La sua particolarità? Essere abbarbicata a uno sperone di roccia dal fascino incredibile e dalla forma ‘estrosa’, romboidale, grazie al lavorio geologico della natura sul calcare-arenaceo di cui è costituito, con altezze maggiori nella parte sudorientale e minori degradanti verso quella occidentale. Che questo geologico look sia così curioso dipende anche dal fatto che tutto intorno ci sono rocce argillose e detriti di falda, più facilmente erodibili dagli agenti atmosferici. Ci sono pure calanchi, versanti scoscesi che regalano al paesaggio un ulteriore malìa. Complessivamente, si tratta di un ambiente fragile dal punto di vista geologico e in continua evoluzione, fra crolli e trasformazione varie, come il cedimento che nel XVII secolo modificò il borgo sul versante orientale, impedendone per sempre l’accesso.

La rocca di San Leo, 639 metri di altezza, nel punto più alto ha il suo celebre castello-fortezza, il Forte di San Leo. Anche per quanto riguarda la sua storia, San Leo si lega alla complicata geologia di questa zona d’Italia. La rocca, splendido risultato delle grandi forze naturali ancora in atto, ne ha fatto un luogo ideale, già dagli uomini preistorici, per essere una fortezza, inaccessibile a tanti, ma anche luogo dove stare al sicuro, in alto, vicino agli dei! Tanto è vero che i Romani, quando arrivano qui, costruiscono sì un loro centro ma non fortificazioni, perché già la natura l’aveva fatto, rendendola inaccessibile da qualunque lato. Notizie certe si hanno attorno al III secolo, quando giunge qui dalla Dalmazia, Leone che diffonde il cristianesimo e diventa il primo vescovo di Montefeltro.

Secondo la tradizione, proprio Leone, anche abile intagliatore di pietre oltre che uomo di fede, costruisce la Pieve, dedicata al culto orientale della Dormitio Virginis. San Leo è nominata vera e propria città nel VII secolo e il suo primo vescovo è eletto nell’anno 828. Un periodo attorno al quale si edifica la Cattedrale, consacrata al Santo Leone. Nei secoli successivi, qualche ammodernamento in stile romanico-lombardo, con la realizzazione attorno al 1100 di una torre campanaria. Sorgono poi altri edifici, attorno al nucleo urbano originario, e la famiglia dei Montefeltro stabilitasi qua, arricchisce la civitas Sanctis Leonis (da qui il nome attuale) di tante strutture, come il Palazzo Vescovile e la residenza dei Canonici.
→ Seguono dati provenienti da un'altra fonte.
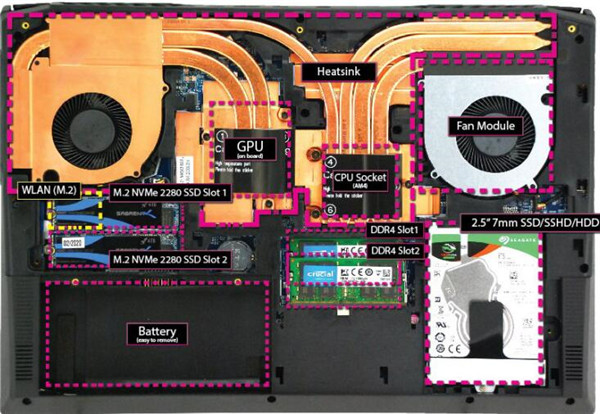 这款笔记本的尺寸为 361x258x32.5mm,重量为 2.6kg 起。笔记本内部结构如下图所示:
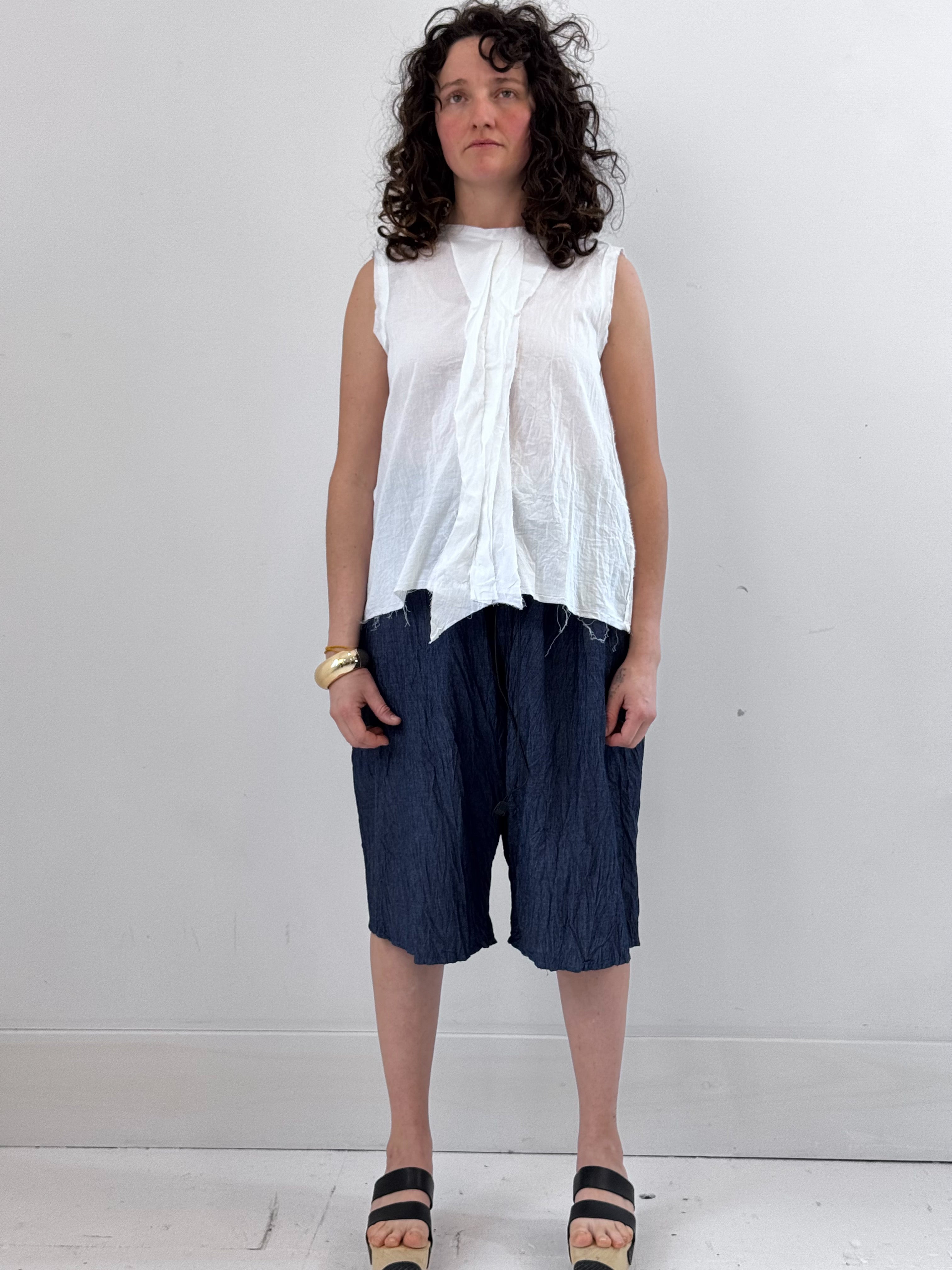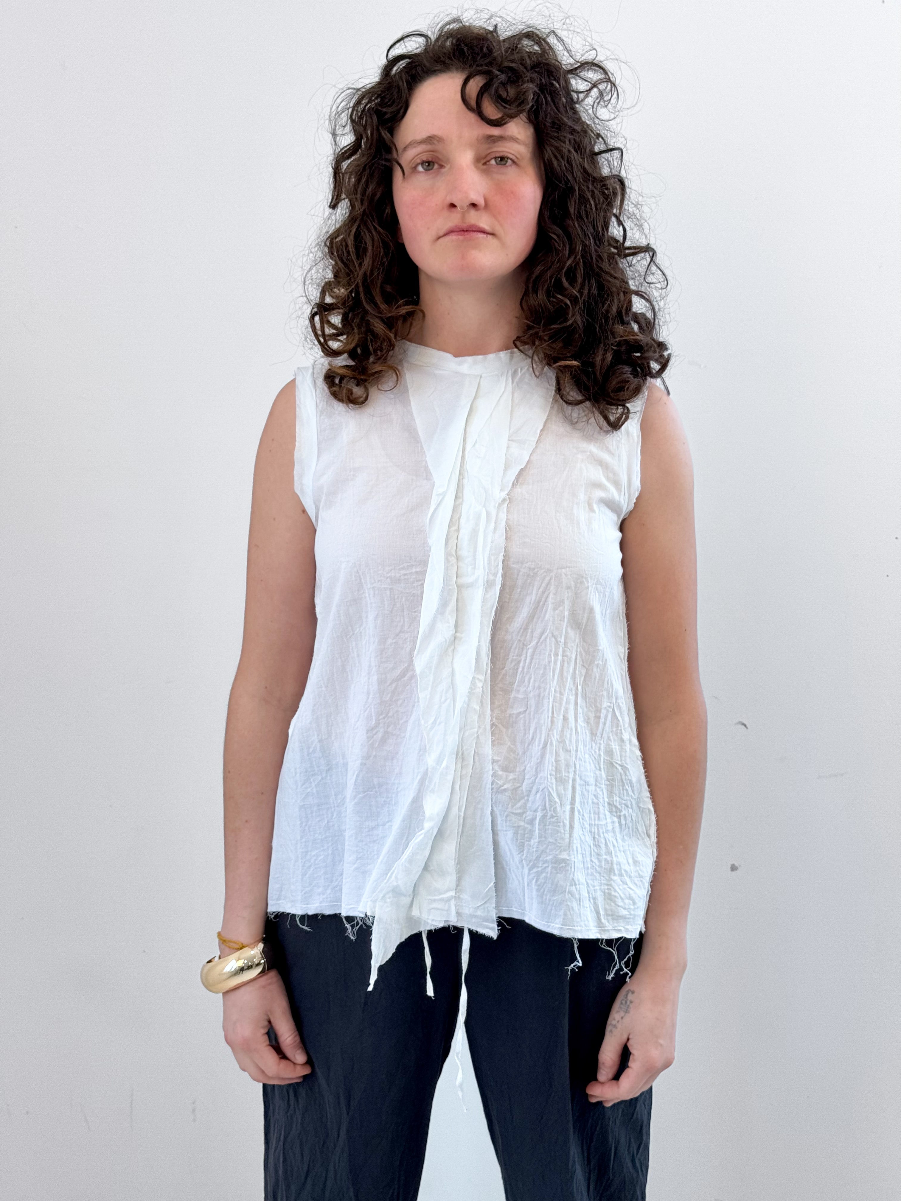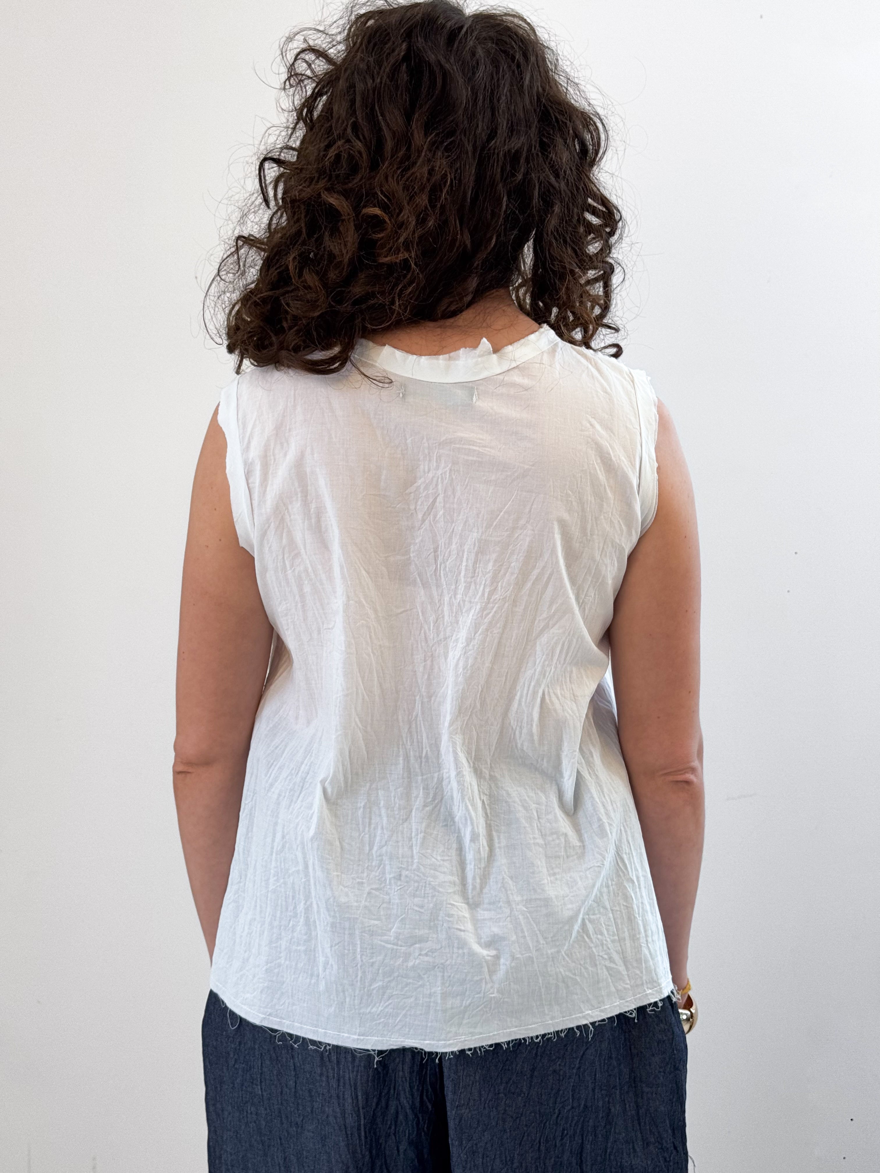 Fresh and feminine, the FLORA top is the perfect summer staple. Made with an airy washed cotton voile it features a raw edge front panel and raw edge at sleeves and hem. Pair it with denim or linen. Easy Breezy

Con il Rinascimento, numerose le trasformazioni del centro medievale. Pure il mastio-forte-fortezza risalente a questa epoca, viene ridisegnato nel 1479, con un nuovo design in grado di garantire una difesa efficace da qualsiasi direzione. Numerose le battaglie che lo vedono protagonista fino a che, sotto lo Stato della Chiesa, diventa carcere, con tante migliorie nel 1788, sotto la gestione di Giuseppe Valadier, per impedirne il degrado (e rimasto tale fino al 1906). Migliorie che lo ‘accompagnano’ dall’Unità d’Italia ai giorni nostri.

La crescita economica di San Leo è legata a diversi fattori, turistici in primo luogo, che puntano sulle eccellenze del territorio, paesaggio e posizione prima di tutto nonché bellezze artistiche, ma anche strutture di ospitalità, possibilità di location per eventi, prodotti tipici, artigianato, una certa attività agricola e di allevamento, ma nella valle. Il 1° agosto si tiene la Festa di San Leo di Montefeltro, scon pettacoli, musica e fuochi d'artificio a illuminare il centro storico.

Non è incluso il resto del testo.